What you need to do
What is wanted is every line below from the one with "쉽게 찾을 수 있어요." up to and including the one with "举行2021年度第四次安全教", retyped exactly, pictures excluded, nothing else.

Material provided
▼

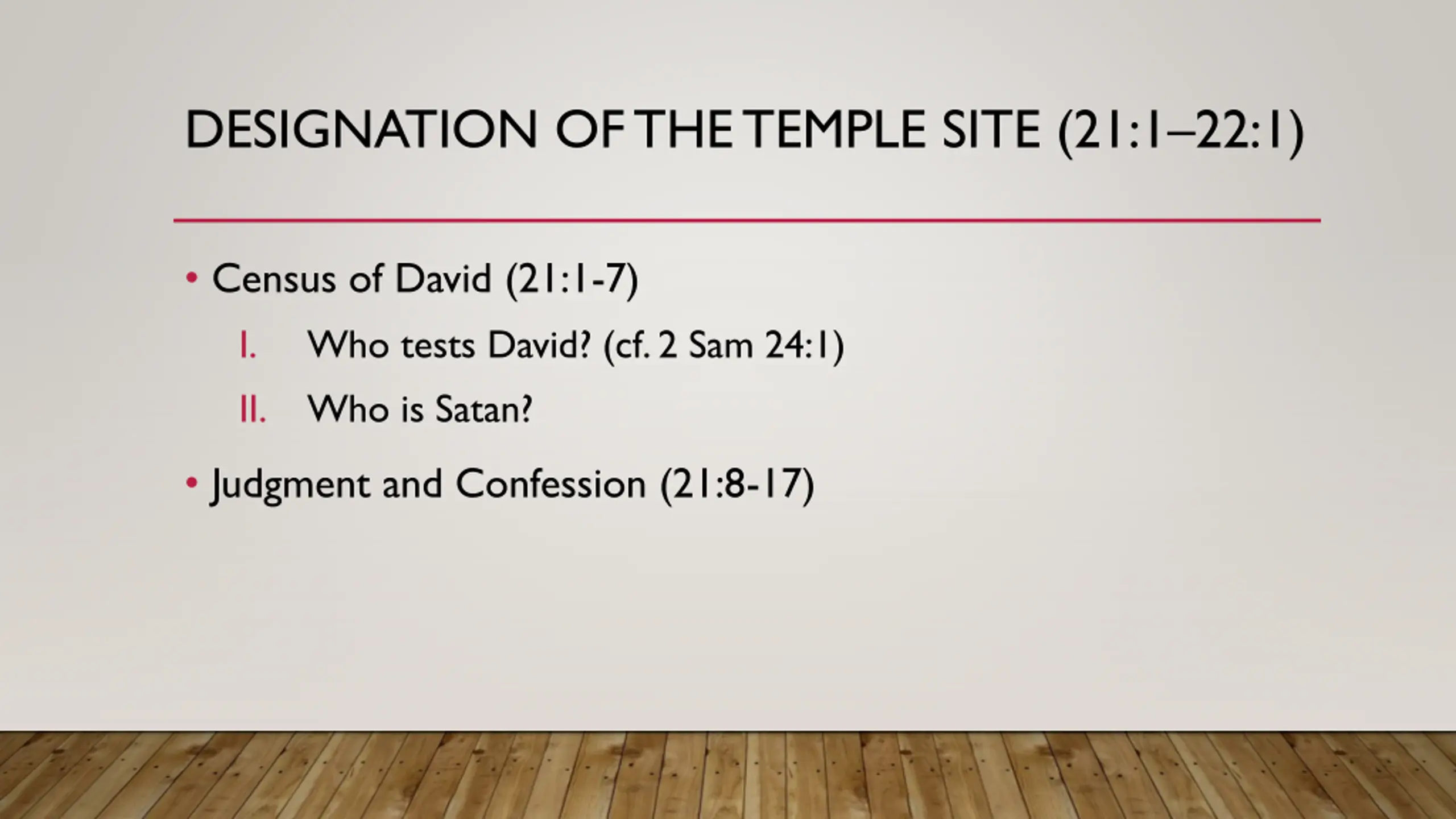 DESIGNATION OF THE TEMPLE SITE (21:122:1) Census of David (21:1-7) I. Who tests David? (cf. 2 Sam 24:1) II. Who is Satan? Judgment and Confession (21:8-17)
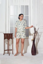 Add a touch of softness and style to your wardrobe with this beautifully coordinated floral short set, where comfort and design come together effortlessly.
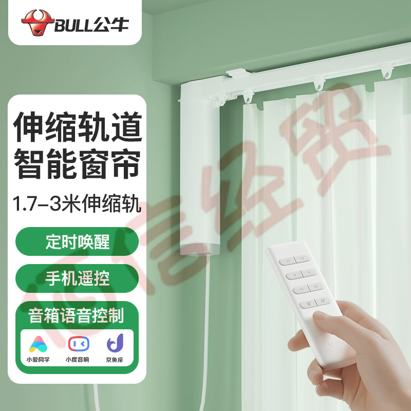 ¥1056.30公牛(BULL)智能窗簾 伸縮軌窗簾 小愛同學小度等音箱控制(電機+1.7-3米伸縮軌+遙控器+免費安裝)GDS015A
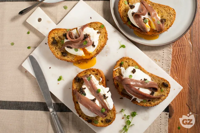 La magia nasce dal contrasto audace: la crosta scricchiolante del pane ai semi cede sotto la pressione del coltello, rivelando il cuore cremoso dell'uovo in camicia, un velo perfetto per il suo tuorlo fluido. È qui che irrompe l'alleanza decisiva: la sapidità minerale e marina delle acciughe del Cantabrico dialoga, senza sopraffarla, con l'ombra terrosa e vellutata della crema di tartufo nero. La maggiorana, con la sua nota fresca e leggermente agrumata, fa da ponte e alleggerisce l'insieme.
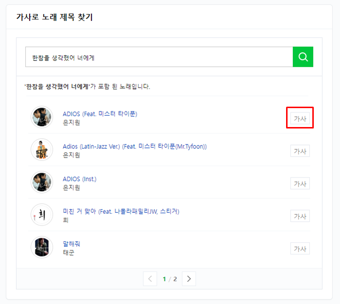 "가사"라는 단어를 붙여서 생각나는 노래 부분 적으시면 쉽게 찾을 수 있어요.
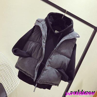 ベスト キルティング コーデュロイ 中綿 冬 トップス コート パーカー 羽織 ジップアップ レディース 無地 ポケット付き きれいめ 体型カバー
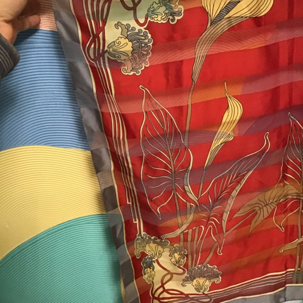 This soft amazing scarf is made in Italy 100% polyester dry clean only color red gray and tan, with a very cool pattern. The size of this scarf is:
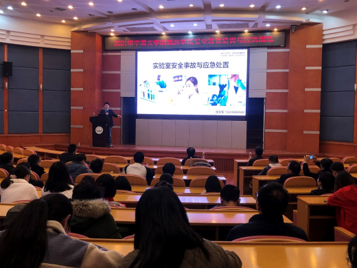 举行2021年度第四次安全教育与应急处置培训,培训聘请校外资深安全培训专家(上海纷研生化科技有限公司)授课。学院领导刘昭前副院长、李乾斌副院长出席培训,学院综合办、各系(中心)、学工办主任、教辅人员、各课题组安全员与研究生等200余人参加了此次培训,培训由药学实验中心陈军主任主持。
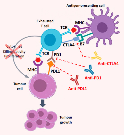 Mechanism of action of immune checkpoint inhibitors (antibodies that target CTLA4, PD1, or PDL1) in the HCC tumour microenvironment, where chronic inflammation and cirrhosis lead to immune exhaustion. Exhausted T cells have a reduced capacity to produce cytokines, to proliferate, and to kill tumour cells; tumour growth is facilitated by blockade of signalling resulting from interaction of the T-cell receptor (TCR) with the major histocompatibility complex (MHC). Key actionable drivers of immune exhaustion in HCC are the PD1–PDL1 pathway and CTLA4 signalling, and blockade of these pathways (i.e., immune checkpoint inhibition) enhances the immune reaction against the tumour cells [32,33]. (Adapted from Giannini et al. 2019 [33].)
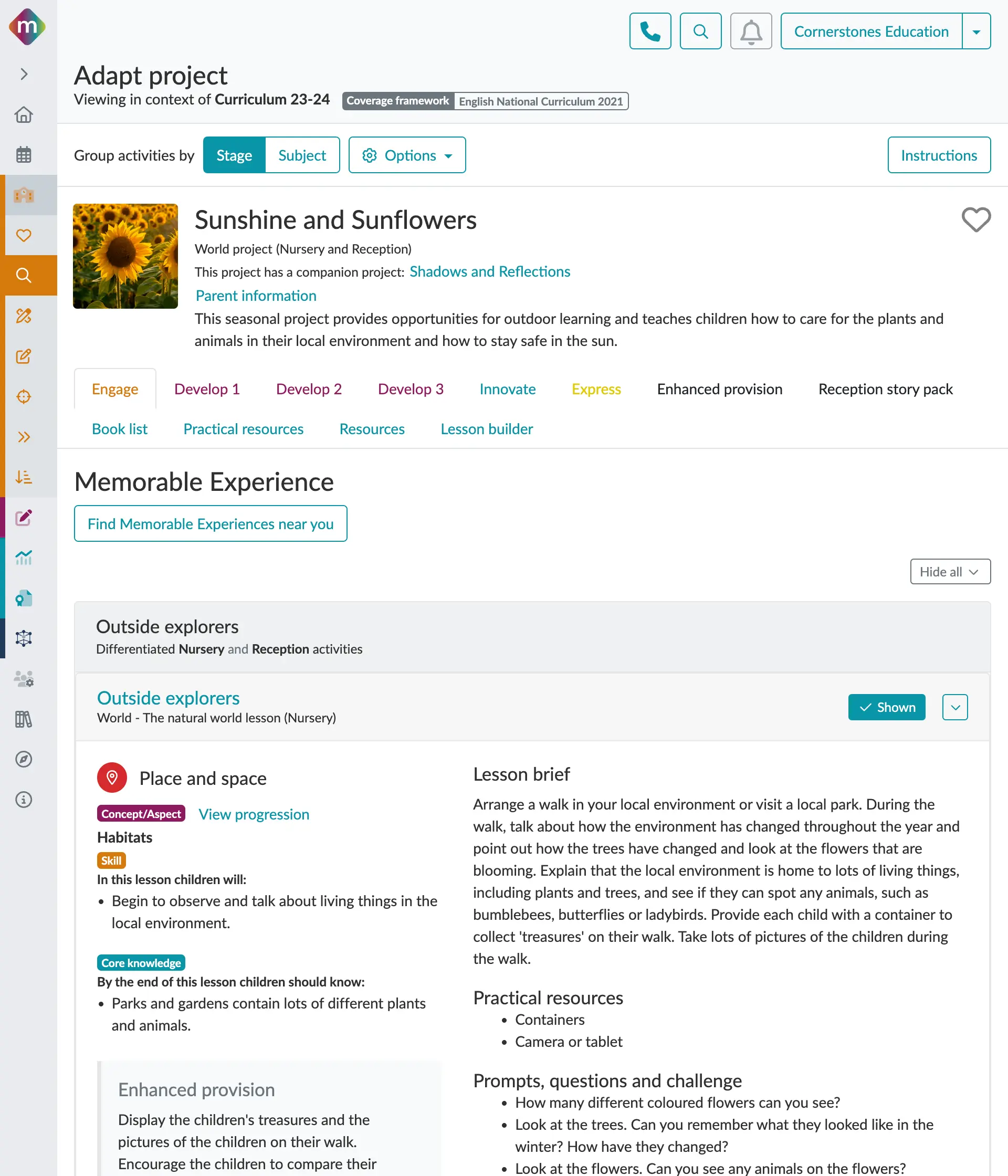 Sunshine and Sunflowers provides a structured approach to subject, outlining key subjects and topics including:

▲

Answer space
 "가사"라는 단어를 붙여서 생각나는 노래 부분 적으시면 쉽게 찾을 수 있어요.
 ベスト キルティング コーデュロイ 中綿 冬 トップス コート パーカー 羽織 ジップアップ レディース 無地 ポケット付き きれいめ 体型カバー
 This soft amazing scarf is made in Italy 100% polyester dry clean only color red gray and tan, with a very cool pattern. The size of this scarf is:
 举行2021年度第四次安全教育与应急处置培训,培训聘请校外资深安全培训专家(上海纷研生化科技有限公司)授课。学院领导刘昭前副院长、李乾斌副院长出席培训,学院综合办、各系(中心)、学工办主任、教辅人员、各课题组安全员与研究生等200余人参加了此次培训,培训由药学实验中心陈军主任主持。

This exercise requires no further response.